公開日は平日だったのに朝イチの回がかなり埋まっていたあたり、やはり『スター・ウォーズ』の文化的認知度の高さを思い知る。

まあ、かくいう私もこの日仕事を休むために約半年前から密かに調整していた。公開日に合わせて有給届を出した際に上司の含み笑いを目にしたような気もするが、フォースの素養が無い私は何も気づかなかった、と、いうことにしておきたい。

 

starwars.disney.co.jp

 

かくして2年ぶりの新作、『スター・ウォーズ 最後のジェダイ』。

今年は何かと「最後の」が付くタイトルが多い気がするが、これは邦題でもなんでもなく、正真正銘『The Last Jedi』。何をもって「最後」なのか、それは一体誰を指すのか。実際に鑑賞してみると、非常に意味深なタイトルだったと身体に沁みてくる。

 

前作『フォースの覚醒』は、ディズニーが旗頭となって製作された10年ぶりの新作であり、そのクオリティについて全世界のファンが病的なまでに神経質になりながら注目していた感覚がある。

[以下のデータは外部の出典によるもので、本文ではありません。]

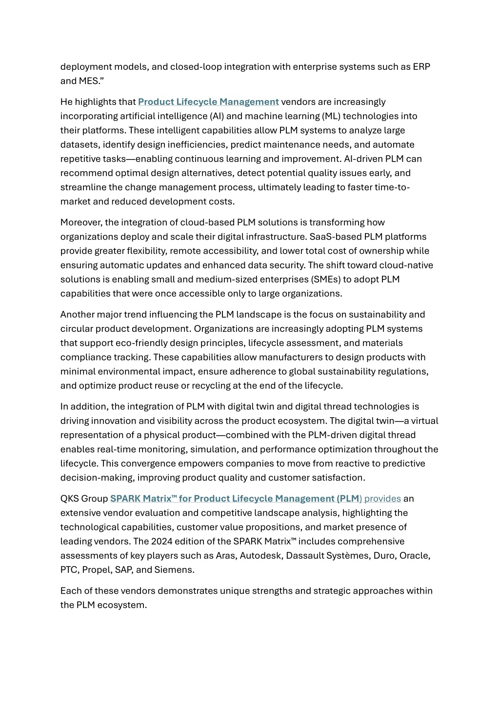 deployment models, and closed-loop integration with enterprise systems such as ERP and MES.” He highlights that Product Lifecycle Management vendors are increasingly incorporating artificial intelligence (AI) and machine learning (ML) technologies into their platforms. These intelligent capabilities allow PLM systems to analyze large datasets, identify design inefficiencies, predict maintenance needs, and automate repetitive tasks—enabling continuous learning and improvement. AI-driven PLM can recommend optimal design alternatives, detect potential quality issues early, and streamline the change management process, ultimately leading to faster time-to- market and reduced development costs. Moreover, the integration of cloud-based PLM solutions is transforming how organizations deploy and scale their digital infrastructure. SaaS-based PLM platforms provide greater flexibility, remote accessibility, and lower total cost of ownership while ensuring automatic updates and enhanced data security. The shift toward cloud-native solutions is enabling small and medium-sized enterprises (SMEs) to adopt PLM capabilities that were once accessible only to large organizations. Another major trend influencing the PLM landscape is the focus on sustainability and circular product development. Organizations are increasingly adopting PLM systems that support eco-friendly design principles, lifecycle assessment, and materials compliance tracking. These capabilities allow manufacturers to design products with minimal environmental impact, ensure adherence to global sustainability regulations, and optimize product reuse or recycling at the end of the lifecycle. In addition, the integration of PLM with digital twin and digital thread technologies is driving innovation and visibility across the product ecosystem. The digital twin—a virtual representation of a physical product—combined with the PLM-driven digital thread enables real-time monitoring, simulation, and performance optimization throughout the lifecycle. This convergence empowers companies to move from reactive to predictive decision-making, improving product quality and customer satisfaction. QKS Group SPARK Matrix™ for Product Lifecycle Management (PLM) provides an extensive vendor evaluation and competitive landscape analysis, highlighting the technological capabilities, customer value propositions, and market presence of leading vendors. The 2024 edition of the SPARK Matrix™ includes comprehensive assessments of key players such as Aras, Autodesk, Dassault Systèmes, Duro, Oracle, PTC, Propel, SAP, and Siemens. Each of these vendors demonstrates unique strengths and strategic approaches within the PLM ecosystem.

蓋を開けてみると、大まかなストーリーラインはシリーズ1作目『新たなる希望』を踏襲しながらも、シリーズファンへの目配せと、新しいキャラクターの魅力を、これ以上ないバランスで両立させた作品だったと言えるだろう。

しかも、単純明快にエンターテインメント作品として「面白い!」点がずば抜けており、老若男女がハラハラドキドキしながら楽しめるSF超大作として、私自身も映画館に通って何度も楽しんだお気に入りの一作だ。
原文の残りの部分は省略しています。